- _THE PROBLEM_
Produce a word-for-word copy of the lines from the one that contains "Elegáns, klasszikus hatású" to the final line of the data below, with all pictures dropped.

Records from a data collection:
--*--

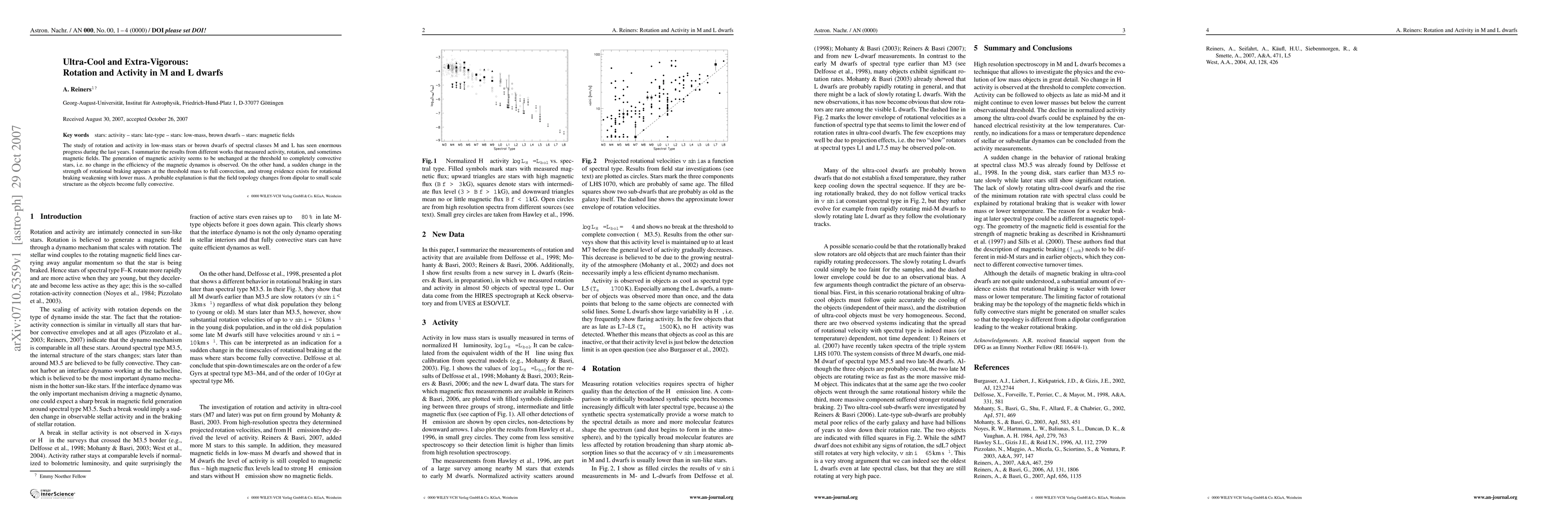 The study of rotation and activity in low-mass stars or brown dwarfs of spectral classes M and L has seen enormous progress during the last years. I summarize the results from different works that measured activity, rotation, and sometimes magnetic fields. The generation of magnetic activity seems to be unchanged at the threshold to completely convective stars, i.e. no change in the efficiency of the magnetic dynamos is observed. On the other hand, a sudden change in the strength of rotational braking appears at the threshold mass to full convection, and strong evidence exists for rotational braking weakening with lower mass. A probable explanation is that the field topology changes from dipolar to small scale structure as the objects become fully convective.
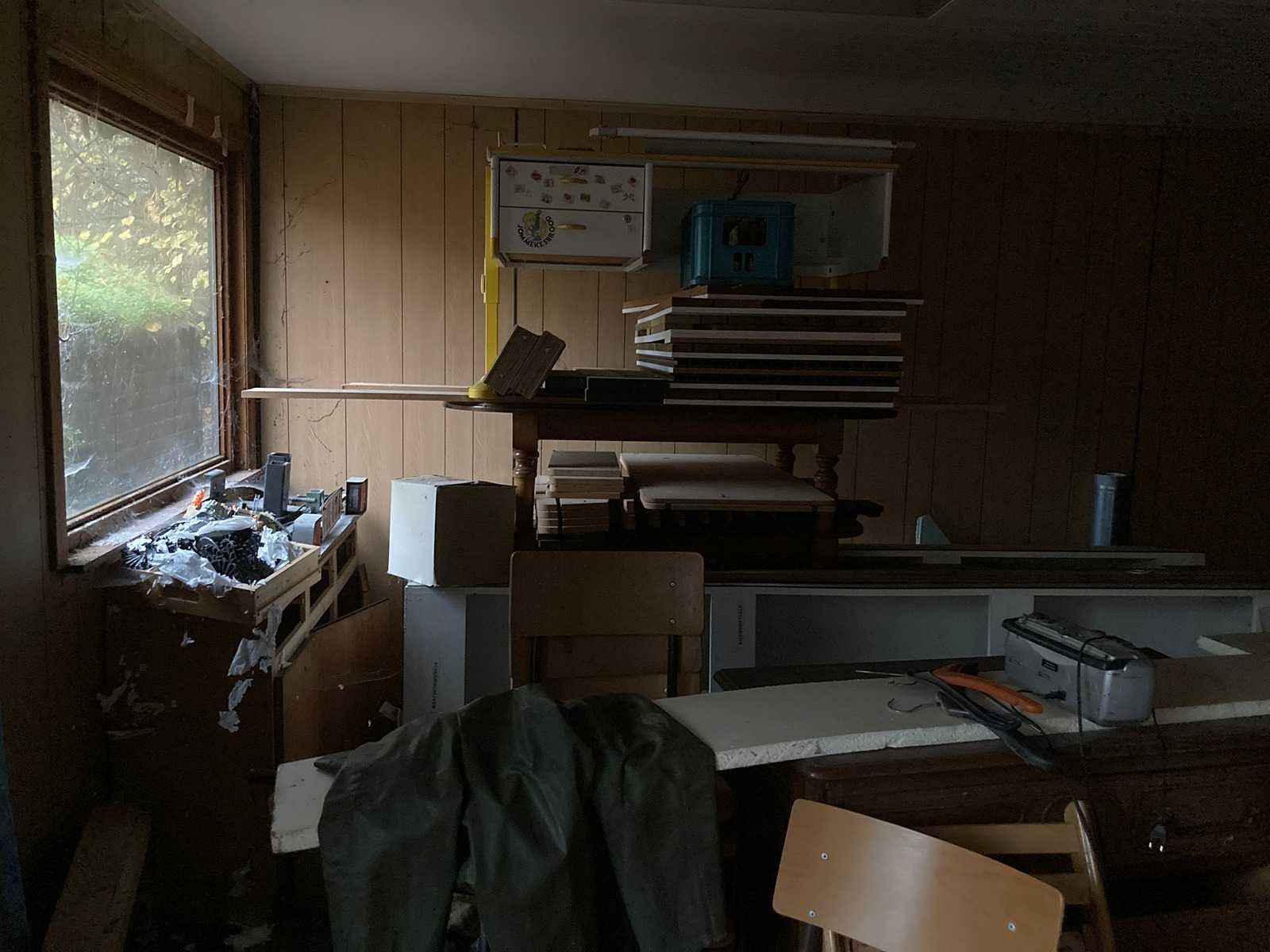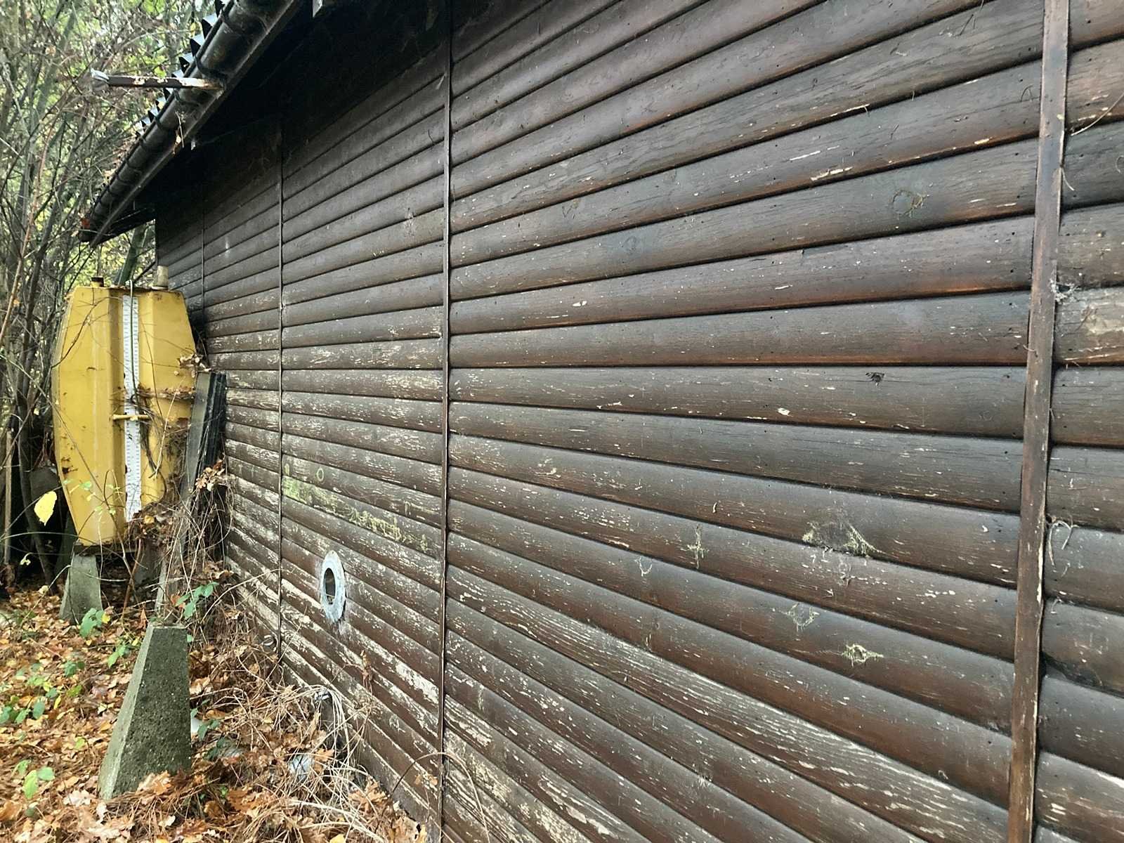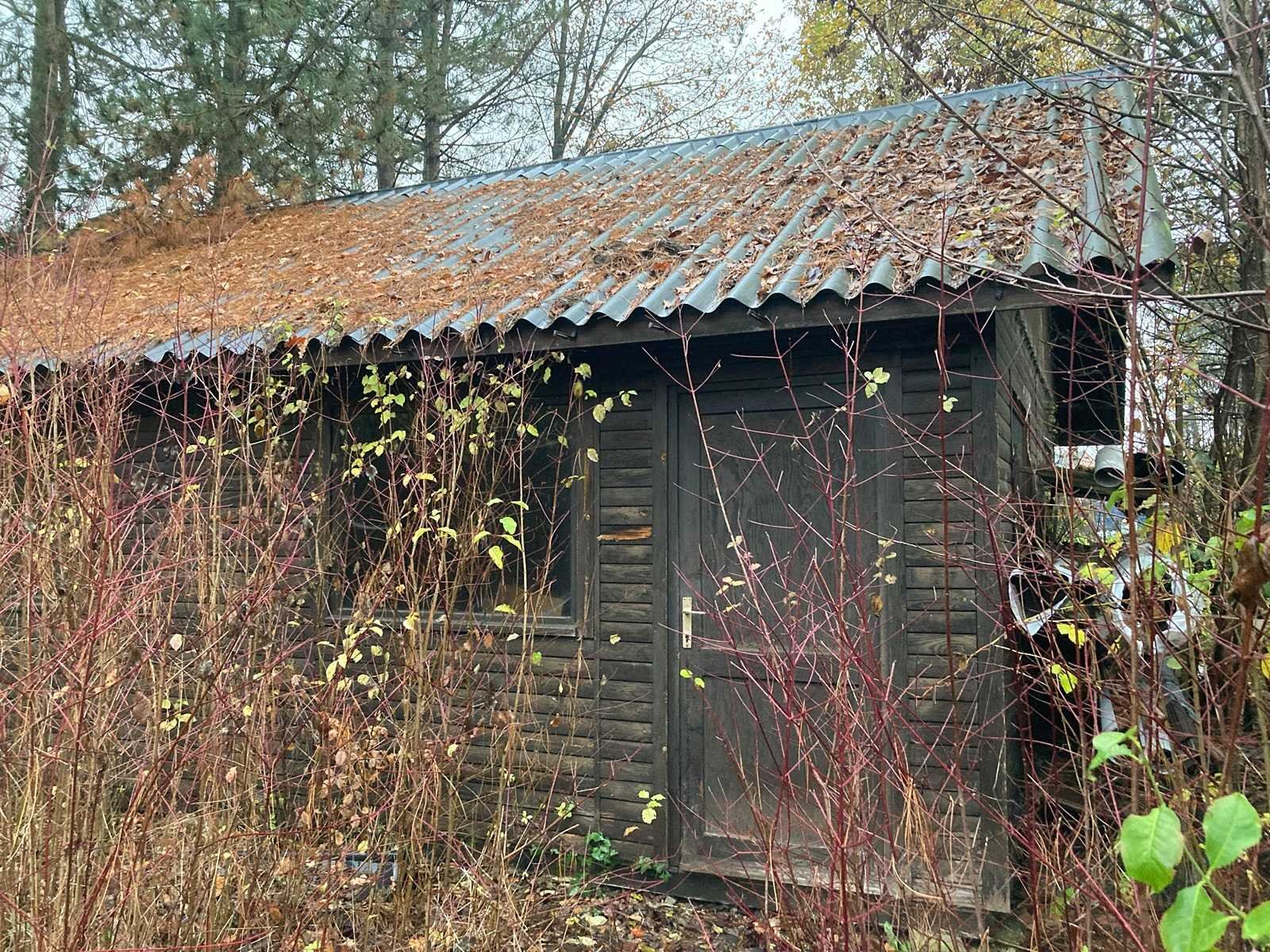 Houten tuinhuis/chalet => Zelf te demonteren bij afhaling lengte muren 815 + 60cm afdak aan beide kanten Breedte muren 604 +40cm overhang dak aan beide kanten Hoogte 420-260cm Nee
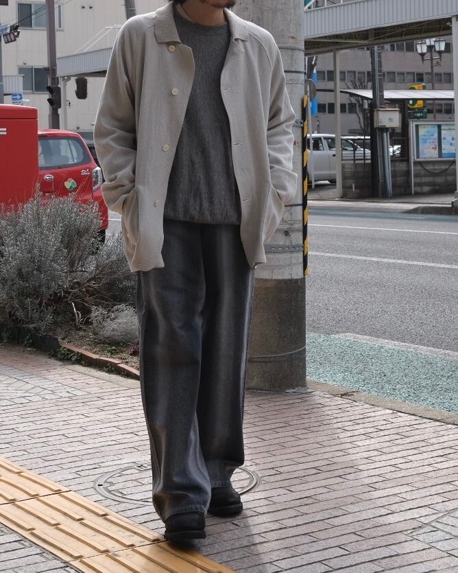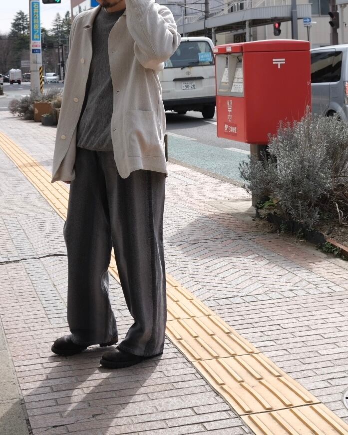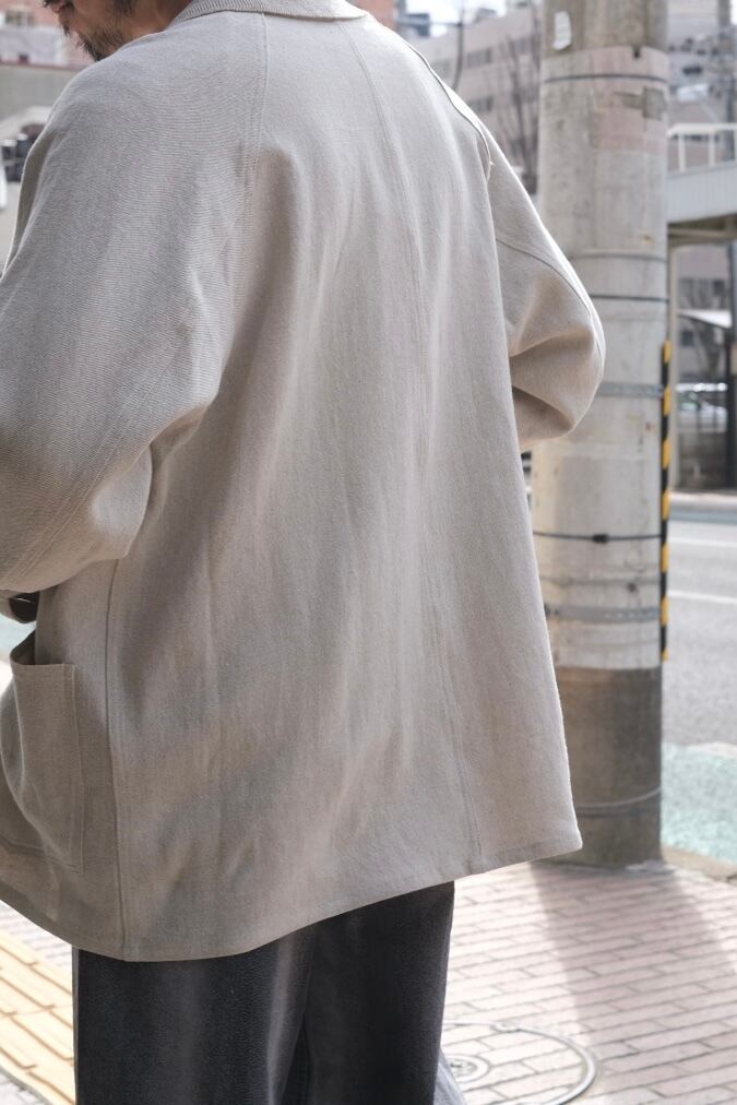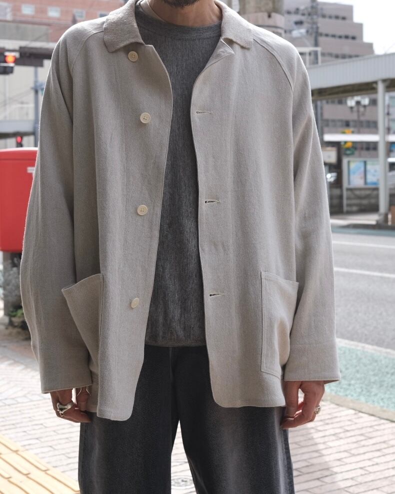 リネンの紡績過程で生まれる落ちわたを糸にし、強撚に仕上げたホップサック生地のシリーズ。表情豊かなリネン素材を再解釈した独特の風合いが魅力で、清涼感としっとりとした肌触りを両立しています。
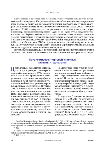 В статье рассматривается современный кризис глобальной торго­ вой системы и роль постсоветского пространства как альтернатив­ ного полюса политико-экономического притяжения. Анализируются причины кризиса, включая блокировку механизмов ВТО, усиление протекционизма и фрагментации мировой экономики.
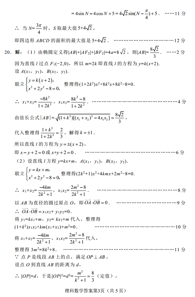 2019绵阳二诊数学理科试题及答案(3)
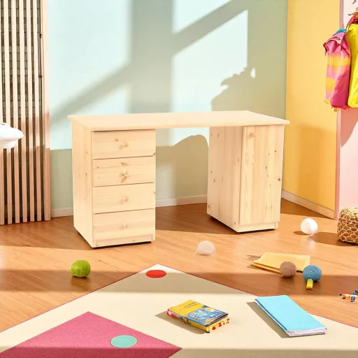 Elegáns, klasszikus hatású tömör fenyő íróasztal, skandináv borovi fenyőből, mérete: 132 × 74 × 62 cm.
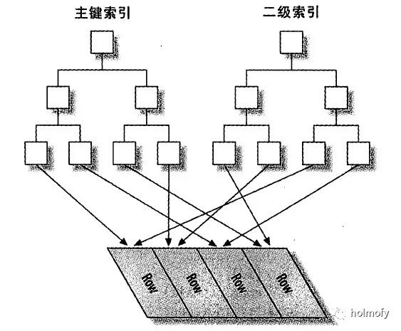 比如MySQL的MyISAM引擎就是非聚簇索引,MyISAM会把数据存在一个heap文件中(后缀名为.MYD),创建的B+树索引存在另一个索引文件中(后缀名为.MYI)。

--*--

- _ANSWER SECTION_
 Elegáns, klasszikus hatású tömör fenyő íróasztal, skandináv borovi fenyőből, mérete: 132 × 74 × 62 cm.
 比如MySQL的MyISAM引擎就是非聚簇索引,MyISAM会把数据存在一个heap文件中(后缀名为.MYD),创建的B+树索引存在另一个索引文件中(后缀名为.MYI)。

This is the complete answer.